[[ Exercise input, beginning ]]

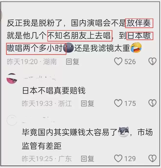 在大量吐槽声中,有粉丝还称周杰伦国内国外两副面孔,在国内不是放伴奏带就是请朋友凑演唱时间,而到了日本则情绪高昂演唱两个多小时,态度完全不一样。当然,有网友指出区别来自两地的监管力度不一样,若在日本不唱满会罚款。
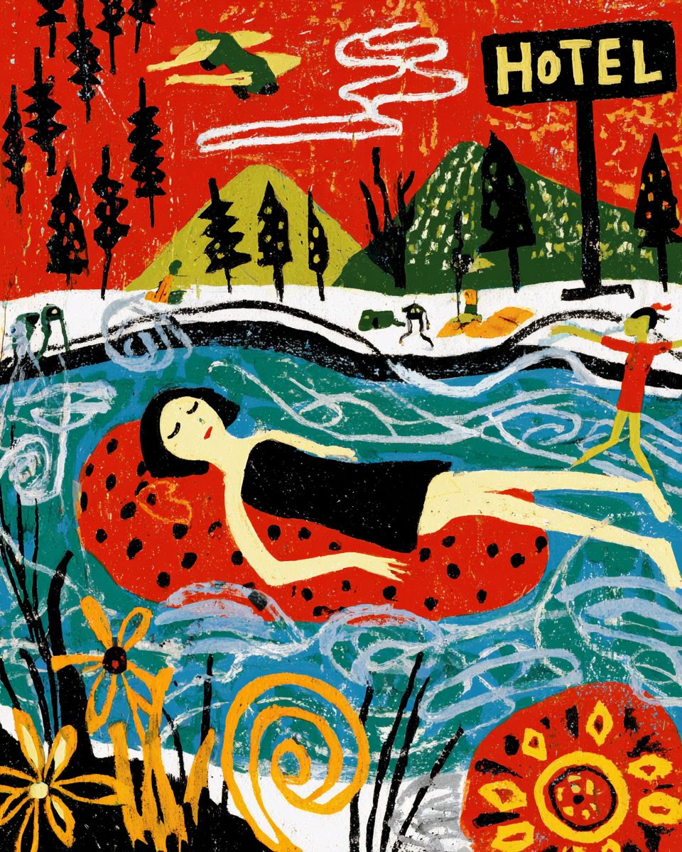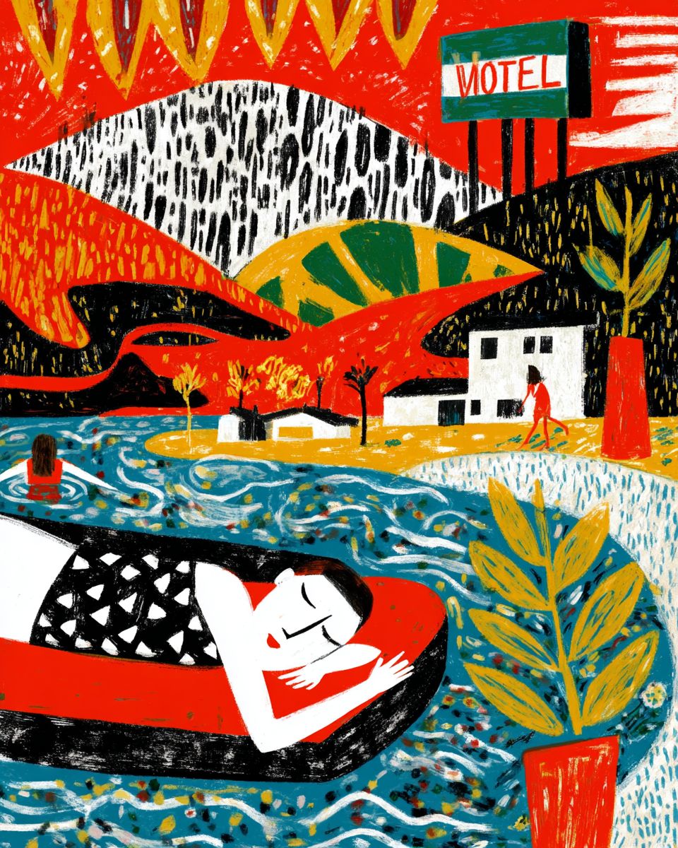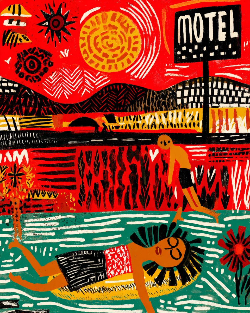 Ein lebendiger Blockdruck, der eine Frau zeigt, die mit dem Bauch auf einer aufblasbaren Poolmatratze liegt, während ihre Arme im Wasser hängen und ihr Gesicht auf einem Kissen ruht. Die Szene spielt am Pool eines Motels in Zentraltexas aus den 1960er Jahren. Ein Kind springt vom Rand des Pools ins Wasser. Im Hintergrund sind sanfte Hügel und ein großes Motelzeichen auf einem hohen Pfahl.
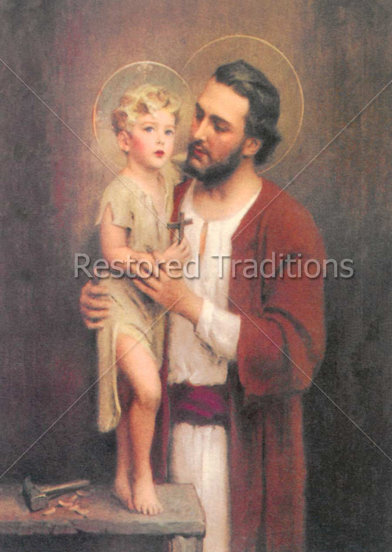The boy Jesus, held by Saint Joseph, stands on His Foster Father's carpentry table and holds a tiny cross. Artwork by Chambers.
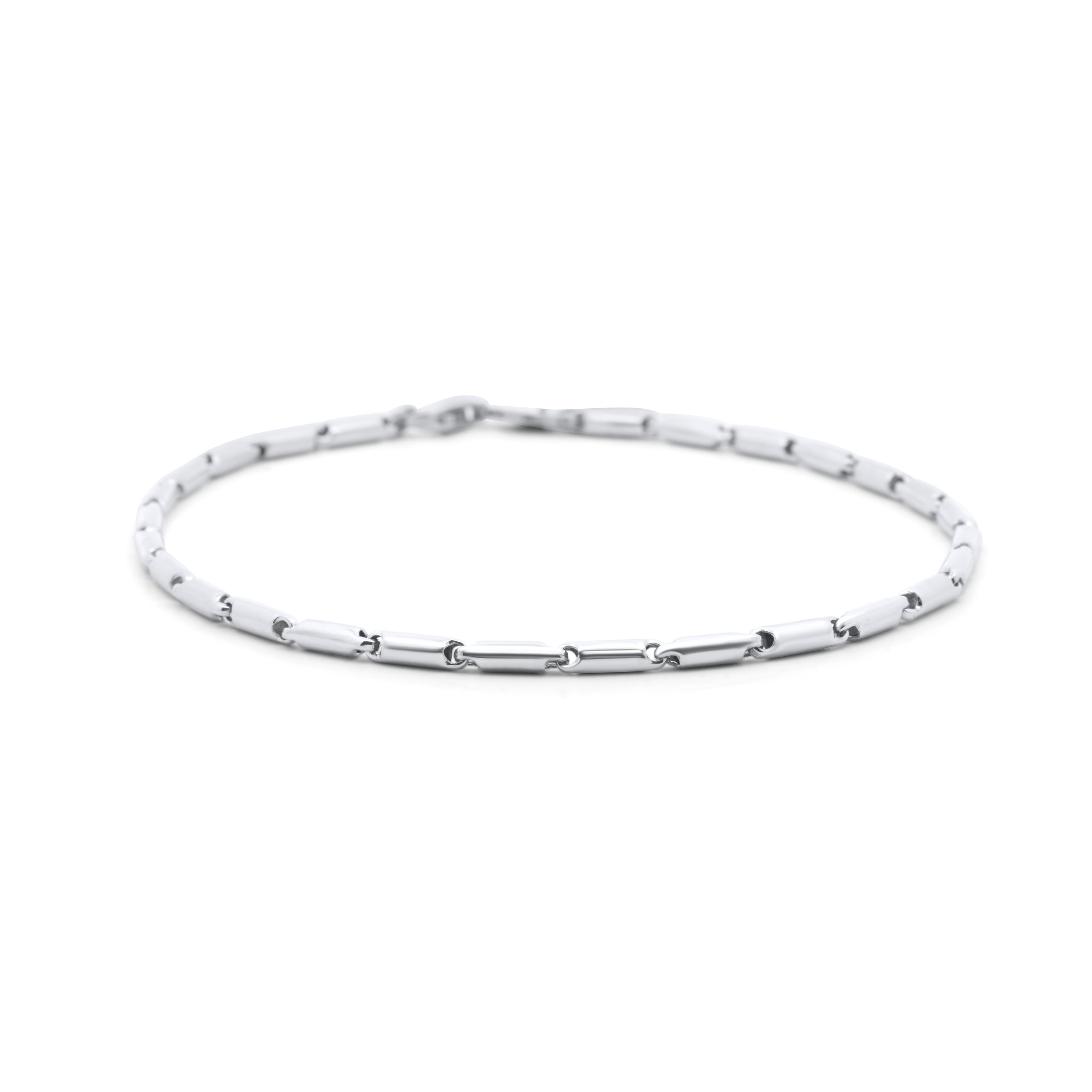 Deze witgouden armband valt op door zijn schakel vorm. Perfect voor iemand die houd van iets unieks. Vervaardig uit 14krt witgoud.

[[ Exercise input, end ]]
[[ Exercise input, beginning ]]

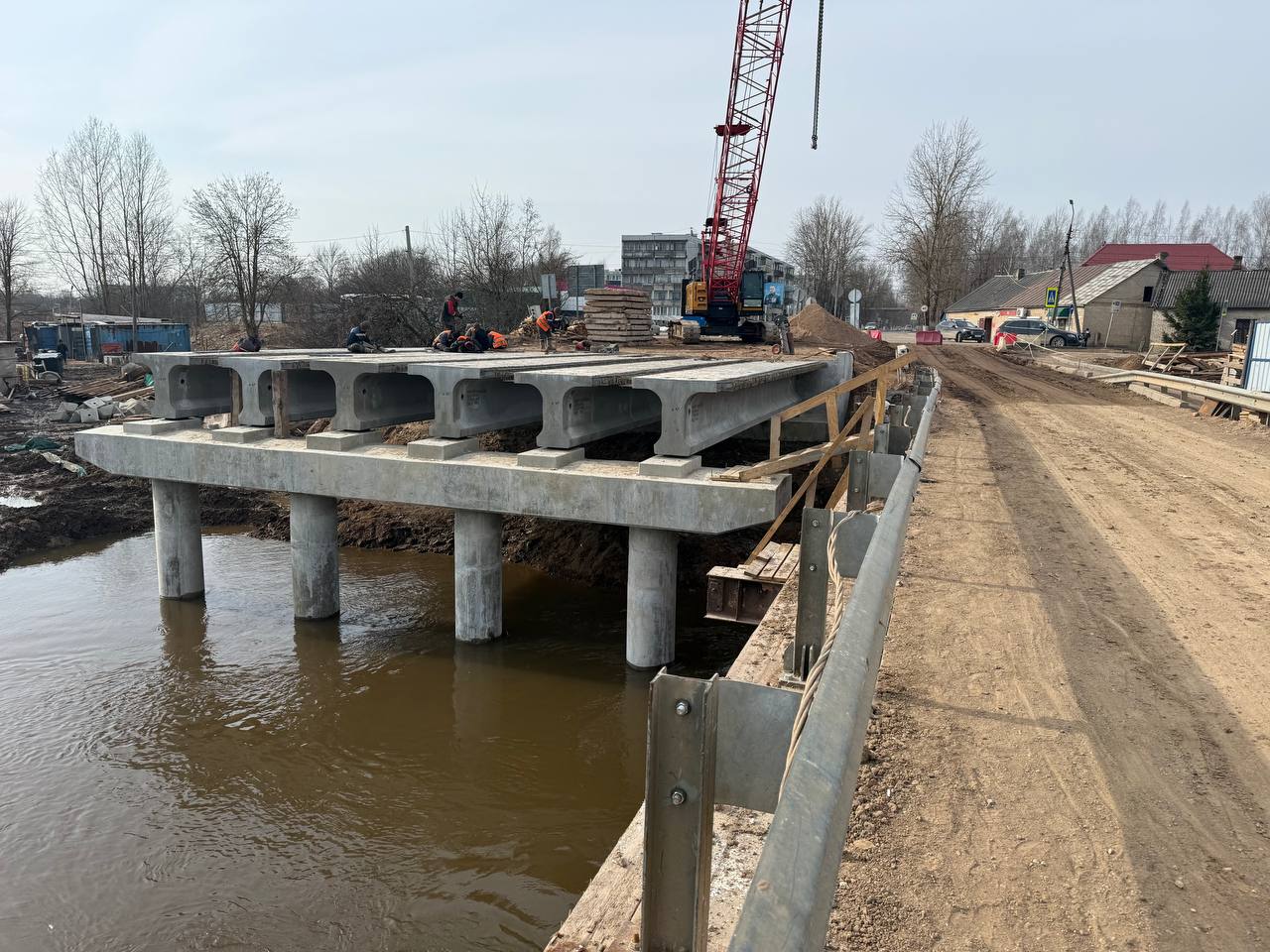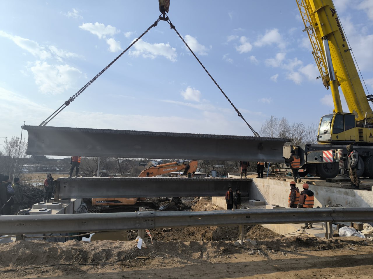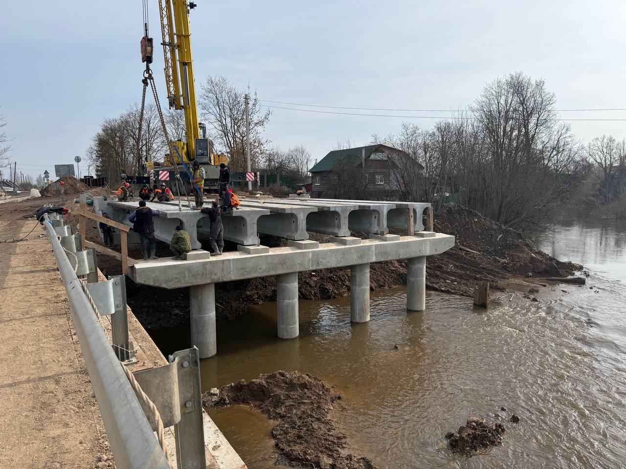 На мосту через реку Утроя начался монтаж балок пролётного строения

[[ Exercise input, end ]]

• Prompt
From the records above, copy only the lines running from the line containing "The boy Jesus, held" to the line containing "Deze witgouden armband", both ends included. Leave the pictures out.

• Task result
The boy Jesus, held by Saint Joseph, stands on His Foster Father's carpentry table and holds a tiny cross. Artwork by Chambers.
 Deze witgouden armband valt op door zijn schakel vorm. Perfect voor iemand die houd van iets unieks. Vervaardig uit 14krt witgoud.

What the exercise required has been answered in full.